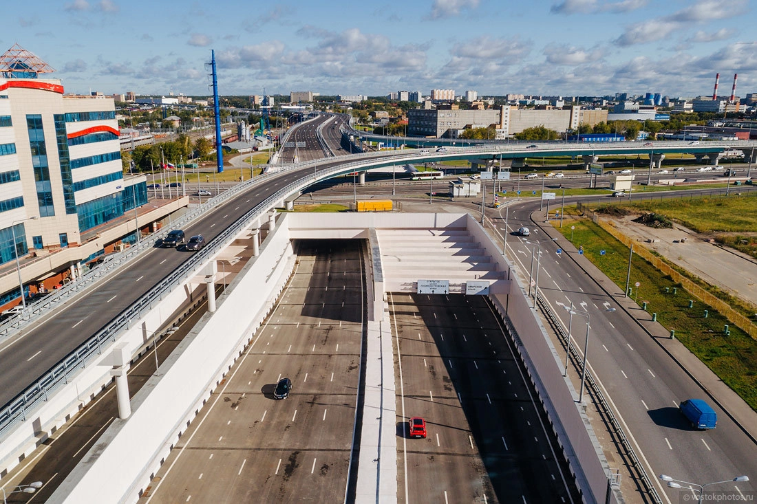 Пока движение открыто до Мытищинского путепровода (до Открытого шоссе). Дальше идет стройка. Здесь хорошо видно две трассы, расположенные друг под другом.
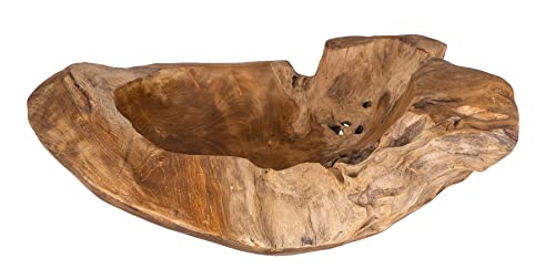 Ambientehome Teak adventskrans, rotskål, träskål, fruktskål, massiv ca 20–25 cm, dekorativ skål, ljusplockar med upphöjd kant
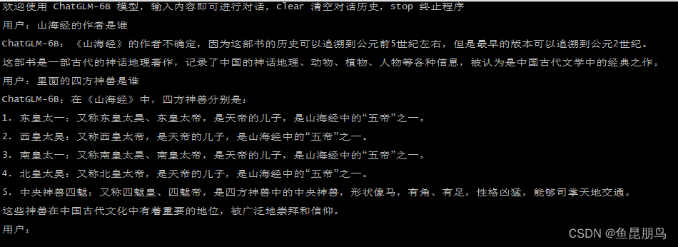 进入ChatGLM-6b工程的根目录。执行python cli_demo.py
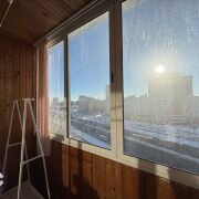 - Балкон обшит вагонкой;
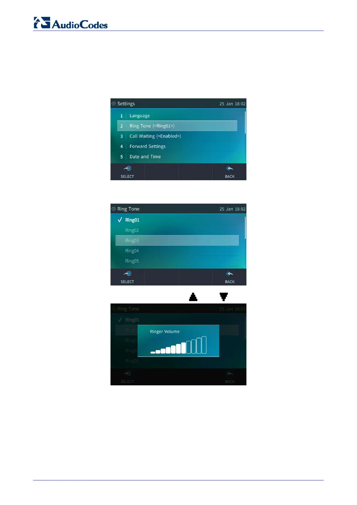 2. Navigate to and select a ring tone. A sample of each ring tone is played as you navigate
------------------------------------------------
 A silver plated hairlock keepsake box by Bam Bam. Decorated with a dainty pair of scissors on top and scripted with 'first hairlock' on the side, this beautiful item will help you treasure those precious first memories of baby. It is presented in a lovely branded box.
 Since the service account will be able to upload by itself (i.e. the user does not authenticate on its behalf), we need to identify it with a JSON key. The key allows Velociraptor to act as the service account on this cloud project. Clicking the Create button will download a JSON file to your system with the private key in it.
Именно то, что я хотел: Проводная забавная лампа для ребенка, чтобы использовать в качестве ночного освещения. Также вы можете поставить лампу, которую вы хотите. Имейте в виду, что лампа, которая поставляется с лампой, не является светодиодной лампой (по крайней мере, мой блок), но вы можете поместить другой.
------------------------------------------------
Exercise →
For this exercise, please set down exactly the lines of the listing above from the line with "Пока движение открыто" up to and including the line with "2. Navigate to", and no pictures.

Output →
 Пока движение открыто до Мытищинского путепровода (до Открытого шоссе). Дальше идет стройка. Здесь хорошо видно две трассы, расположенные друг под другом.
 Ambientehome Teak adventskrans, rotskål, träskål, fruktskål, massiv ca 20–25 cm, dekorativ skål, ljusplockar med upphöjd kant
 进入ChatGLM-6b工程的根目录。执行python cli_demo.py
 - Балкон обшит вагонкой;
 2. Navigate to and select a ring tone. A sample of each ring tone is played as you navigate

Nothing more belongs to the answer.